Mat Staver, chairman and founder of Liberty Counsel, said, “What we are witnessing only happens in communist or repressive regimes. We must not allow this fraud to happen in America.” Michele Bachmann called Biden’s win a “delusion”; and Richard Antall, writing for Crisis magazine, a conservative Roman Catholic publication, likened reporting on Biden’s win to a “coup d’état.” In response to news of the election outcome, Kenneth Copeland laughed derisively. “Yeah, he’s going to be president, and Mickey Mouse is going to be king,” he said.

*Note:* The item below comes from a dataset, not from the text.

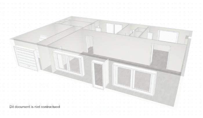 - gelijkvloers: woonkamer, badkamer (toilettafel, douche, toilet), keuken, grote berging, stookruimte, garage voor 1 auto en tuin;

Trump’s attempt to subvert the certification of the Electoral College results by inciting an attack on the U.S. Capitol on January 6 at first appeared to amplify the quandary. Right-wing preachers, such as Greg Locke and Ken Peters, played a significant role in riling up the crowd in the days and hours preceding the riot, and Christian nationalist symbolism was all over the event. Movement leaders now had to decide whether their cause would get behind an armed attempt to overthrow the U.S. government.

From a distance of a year, though, it has become clear that the quandary was a mirage. Christian nationalist leaders are, if anything, even more committed to Trumpist politics than they were in January 2021. My Faith Votes, a faith-based voter mobilization organization, for example, launched an initiative called “Election Integrity Now.” The group issued a prayer guide with a seven-point plan for asking God “to protect American elections and deliver trustworthy results.”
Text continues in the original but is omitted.